═════ The input

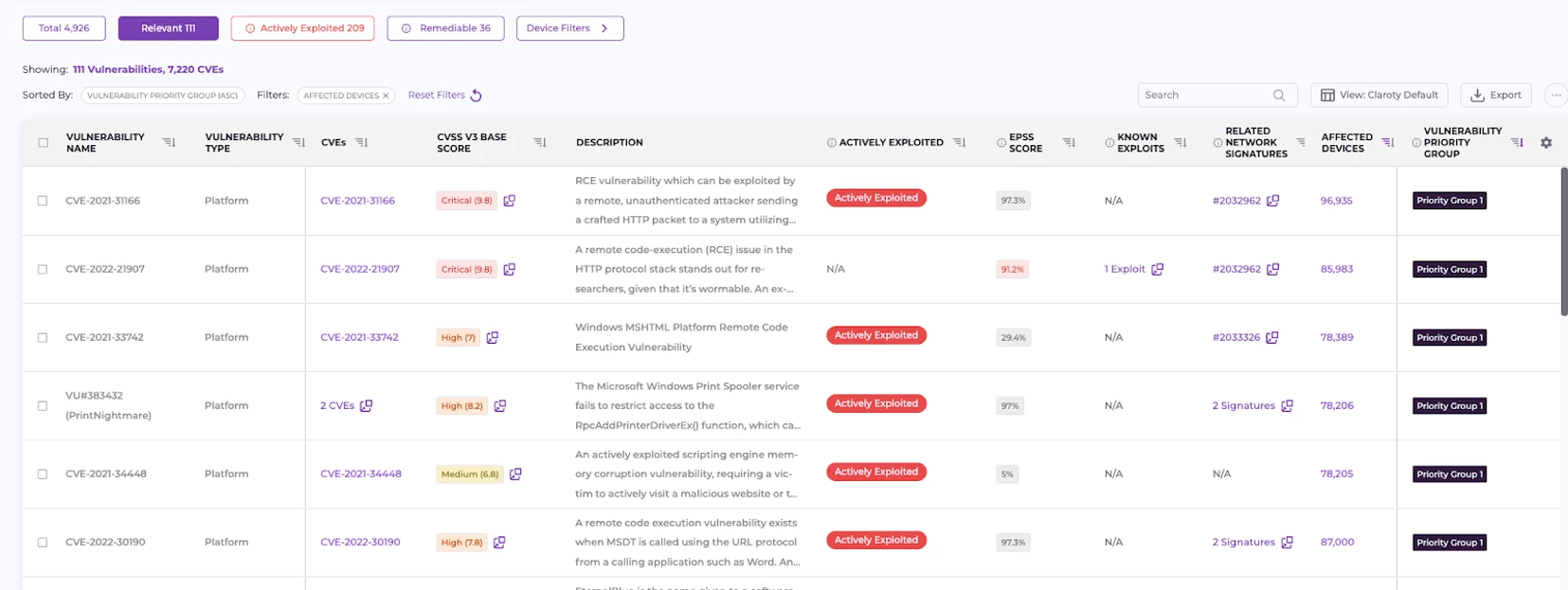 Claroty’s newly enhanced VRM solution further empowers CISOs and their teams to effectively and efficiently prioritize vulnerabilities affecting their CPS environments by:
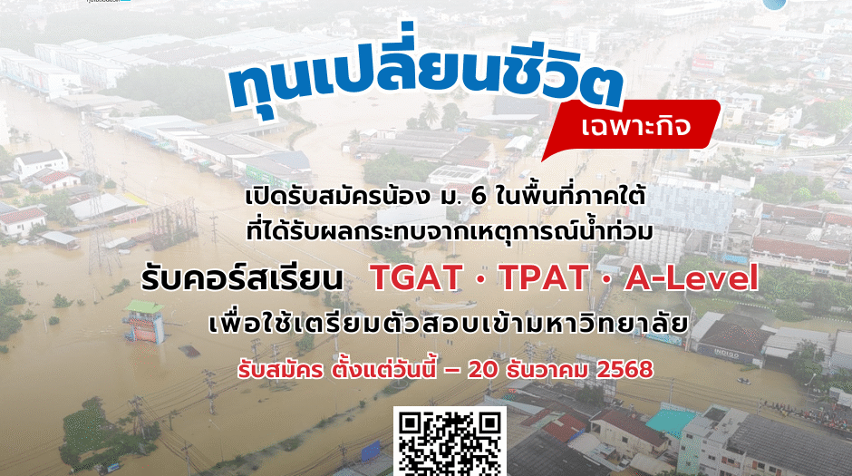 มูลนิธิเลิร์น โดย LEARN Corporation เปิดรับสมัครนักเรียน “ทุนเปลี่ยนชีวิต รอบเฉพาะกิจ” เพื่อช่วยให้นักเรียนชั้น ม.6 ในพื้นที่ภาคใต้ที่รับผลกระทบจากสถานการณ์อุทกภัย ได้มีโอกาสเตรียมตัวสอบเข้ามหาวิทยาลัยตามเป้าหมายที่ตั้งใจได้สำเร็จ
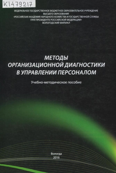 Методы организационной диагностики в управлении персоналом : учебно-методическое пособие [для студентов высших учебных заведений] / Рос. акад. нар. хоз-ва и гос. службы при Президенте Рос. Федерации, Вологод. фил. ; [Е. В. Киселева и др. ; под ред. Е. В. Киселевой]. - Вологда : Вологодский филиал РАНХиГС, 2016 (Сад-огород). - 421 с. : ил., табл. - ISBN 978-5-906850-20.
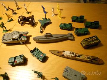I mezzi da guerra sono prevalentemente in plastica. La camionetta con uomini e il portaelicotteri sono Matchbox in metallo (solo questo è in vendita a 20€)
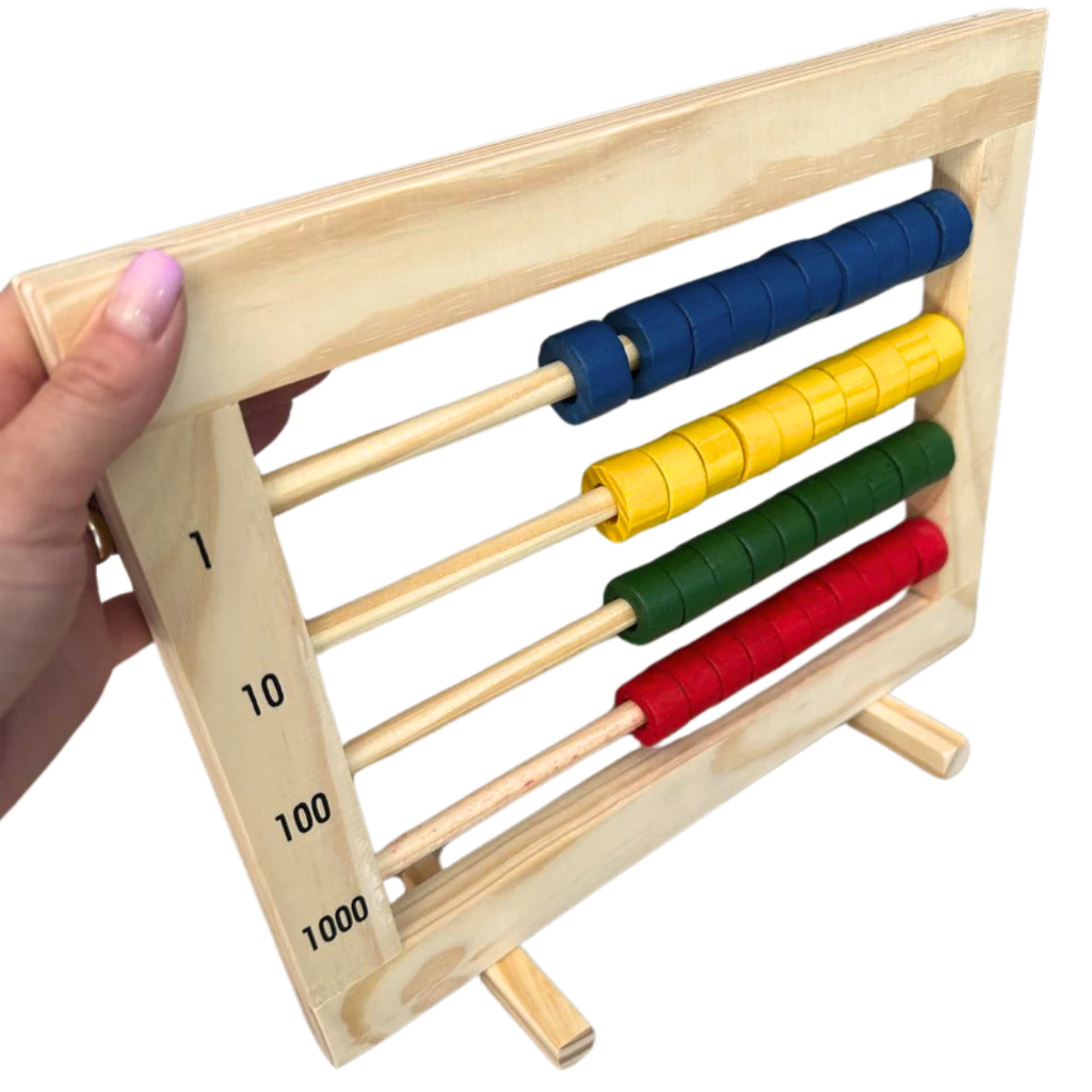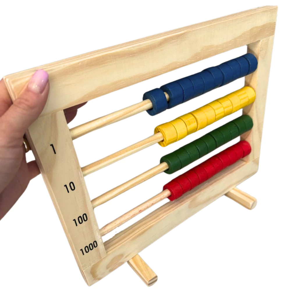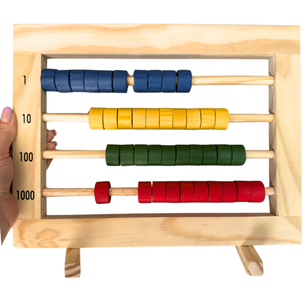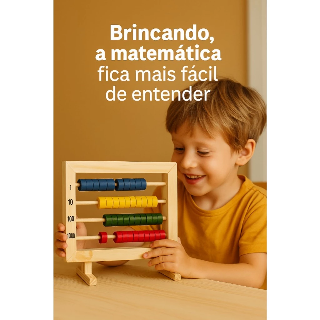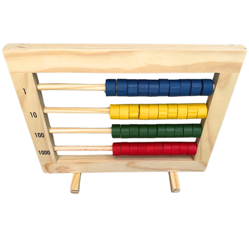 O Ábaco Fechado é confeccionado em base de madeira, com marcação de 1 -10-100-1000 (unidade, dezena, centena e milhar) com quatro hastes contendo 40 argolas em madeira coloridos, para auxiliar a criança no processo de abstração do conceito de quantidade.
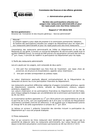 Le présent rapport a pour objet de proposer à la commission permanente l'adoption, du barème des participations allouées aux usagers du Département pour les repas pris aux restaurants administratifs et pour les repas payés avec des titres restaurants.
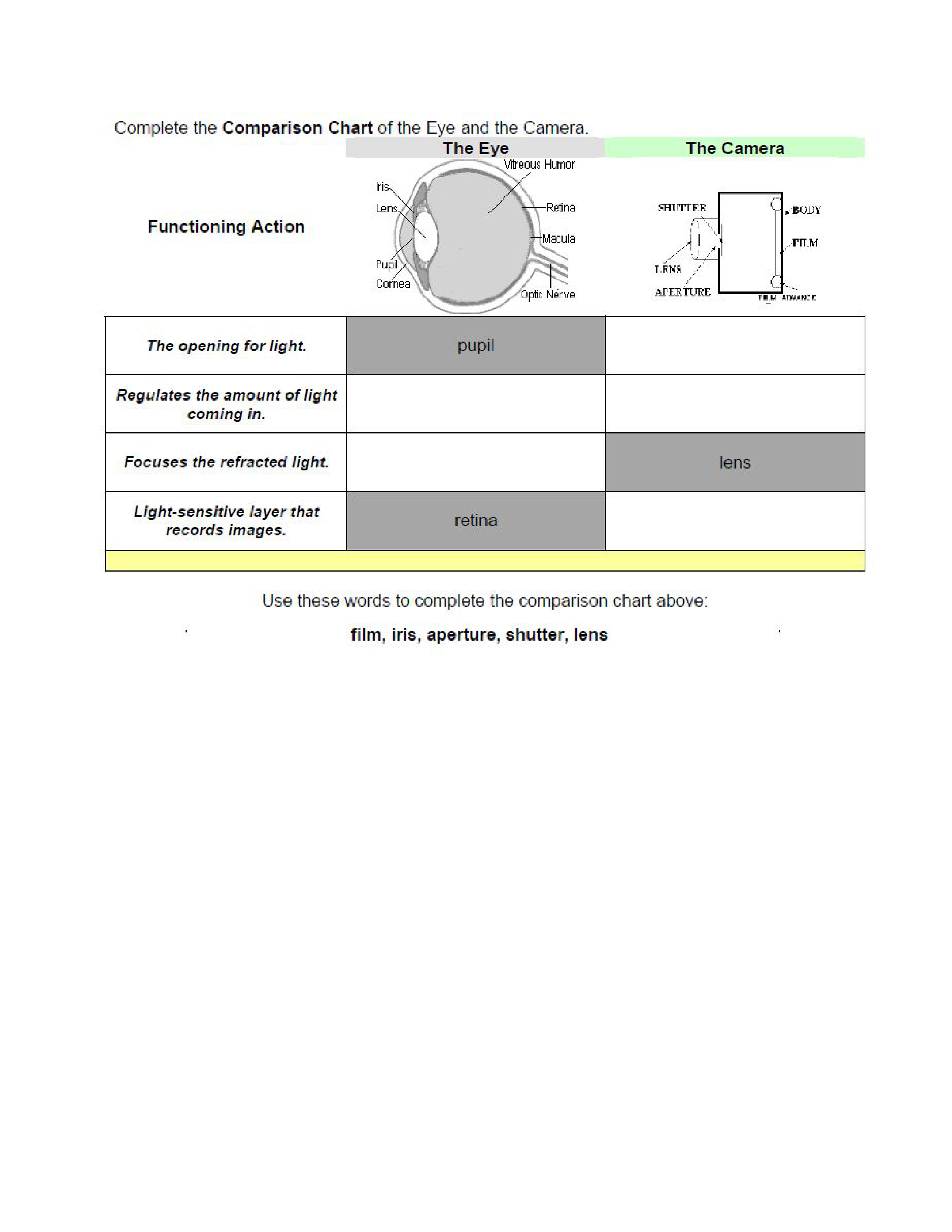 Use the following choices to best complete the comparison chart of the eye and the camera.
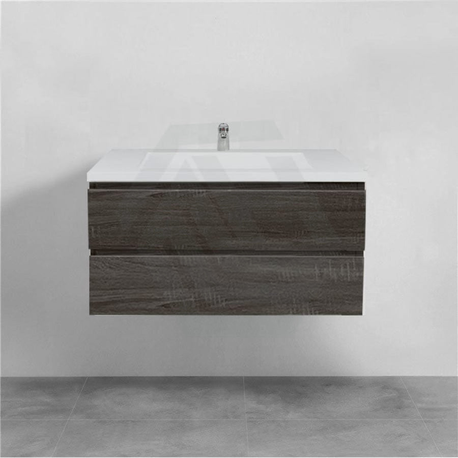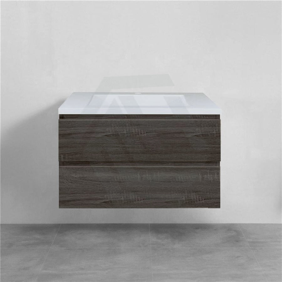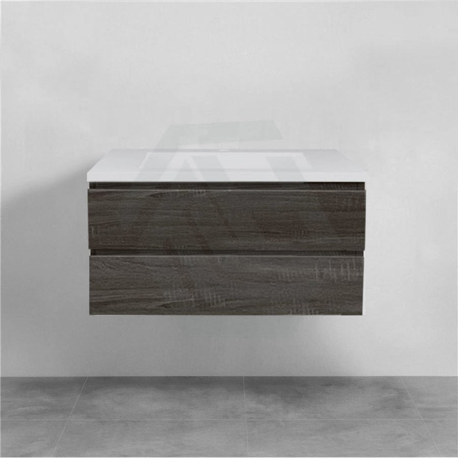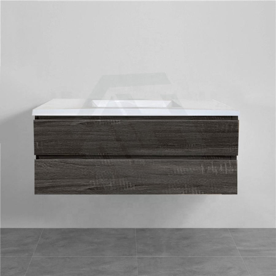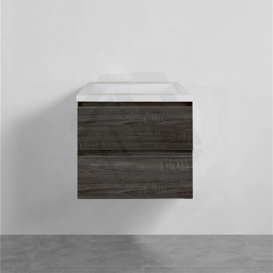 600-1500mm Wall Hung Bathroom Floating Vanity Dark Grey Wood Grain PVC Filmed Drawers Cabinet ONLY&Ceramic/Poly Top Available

══════════

### What you are asked to do
Exactly the lines from the one with "I mezzi da guerra" through the end of the records are to be repeated, both ends included, and pictures are to be omitted.

### Problem solution
I mezzi da guerra sono prevalentemente in plastica. La camionetta con uomini e il portaelicotteri sono Matchbox in metallo (solo questo è in vendita a 20€)
 O Ábaco Fechado é confeccionado em base de madeira, com marcação de 1 -10-100-1000 (unidade, dezena, centena e milhar) com quatro hastes contendo 40 argolas em madeira coloridos, para auxiliar a criança no processo de abstração do conceito de quantidade.
 Le présent rapport a pour objet de proposer à la commission permanente l'adoption, du barème des participations allouées aux usagers du Département pour les repas pris aux restaurants administratifs et pour les repas payés avec des titres restaurants.
 Use the following choices to best complete the comparison chart of the eye and the camera.
 600-1500mm Wall Hung Bathroom Floating Vanity Dark Grey Wood Grain PVC Filmed Drawers Cabinet ONLY&Ceramic/Poly Top Available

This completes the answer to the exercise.